Once you reach the line with "Но есть у Иова", copy it and every line after it exactly, up to the end of the data. Omit the pictures.

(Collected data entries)
************
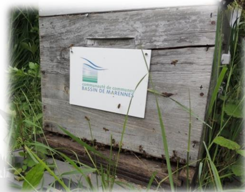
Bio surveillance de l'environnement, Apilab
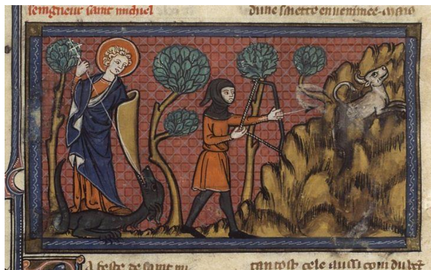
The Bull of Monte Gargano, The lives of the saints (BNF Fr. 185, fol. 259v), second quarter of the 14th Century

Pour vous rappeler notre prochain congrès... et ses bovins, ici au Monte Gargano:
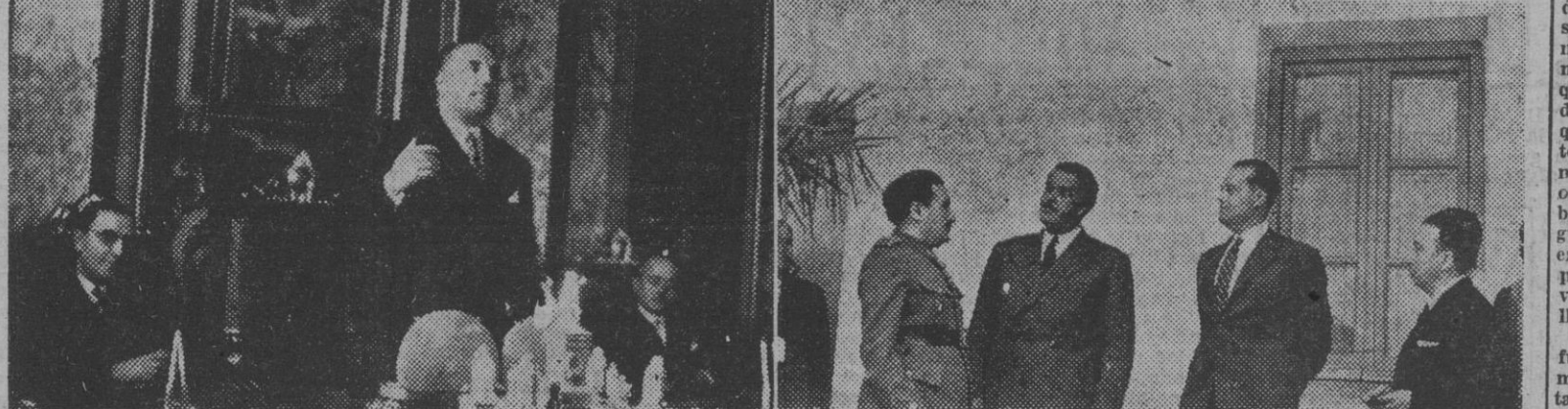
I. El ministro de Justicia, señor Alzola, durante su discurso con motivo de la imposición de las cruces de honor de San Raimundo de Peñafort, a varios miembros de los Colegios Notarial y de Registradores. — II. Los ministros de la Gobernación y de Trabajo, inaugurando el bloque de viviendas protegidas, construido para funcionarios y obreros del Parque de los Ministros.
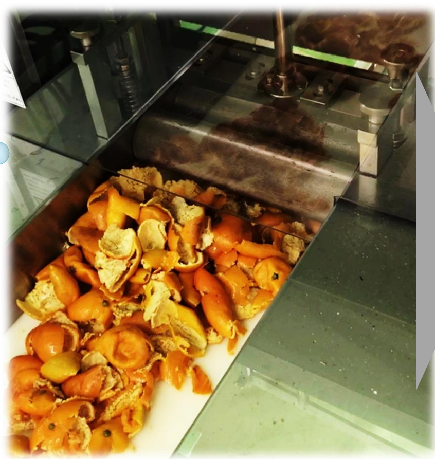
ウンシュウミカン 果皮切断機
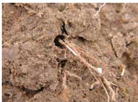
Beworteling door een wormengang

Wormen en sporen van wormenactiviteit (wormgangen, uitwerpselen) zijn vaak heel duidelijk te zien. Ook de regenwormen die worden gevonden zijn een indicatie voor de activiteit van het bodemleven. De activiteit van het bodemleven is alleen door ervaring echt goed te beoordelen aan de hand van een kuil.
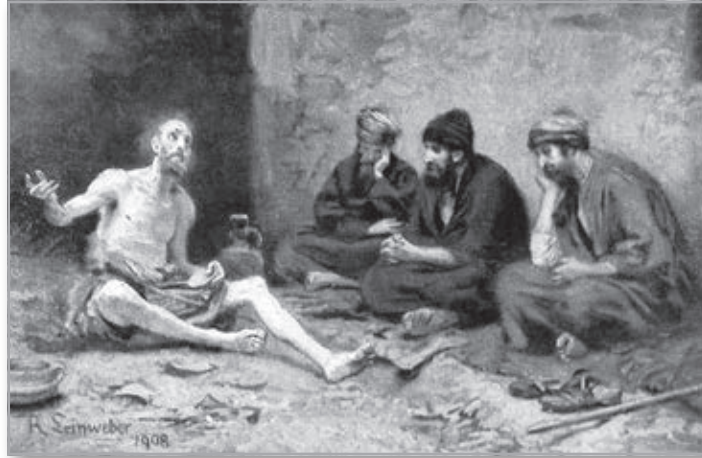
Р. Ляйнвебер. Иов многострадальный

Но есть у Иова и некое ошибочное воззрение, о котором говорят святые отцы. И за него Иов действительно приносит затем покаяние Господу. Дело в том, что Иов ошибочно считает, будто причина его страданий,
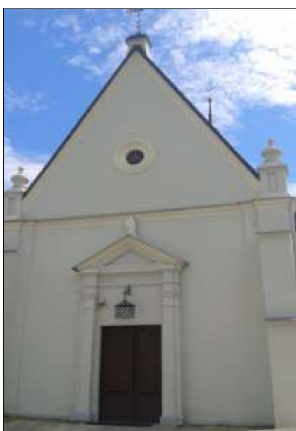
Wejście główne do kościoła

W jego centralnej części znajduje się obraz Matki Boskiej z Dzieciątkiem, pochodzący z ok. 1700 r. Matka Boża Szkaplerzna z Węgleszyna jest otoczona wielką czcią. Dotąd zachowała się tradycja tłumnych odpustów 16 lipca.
************
Output =
Но есть у Иова и некое ошибочное воззрение, о котором говорят святые отцы. И за него Иов действительно приносит затем покаяние Господу. Дело в том, что Иов ошибочно считает, будто причина его страданий,
Wejście główne do kościoła

W jego centralnej części znajduje się obraz Matki Boskiej z Dzieciątkiem, pochodzący z ok. 1700 r. Matka Boża Szkaplerzna z Węgleszyna jest otoczona wielką czcią. Dotąd zachowała się tradycja tłumnych odpustów 16 lipca.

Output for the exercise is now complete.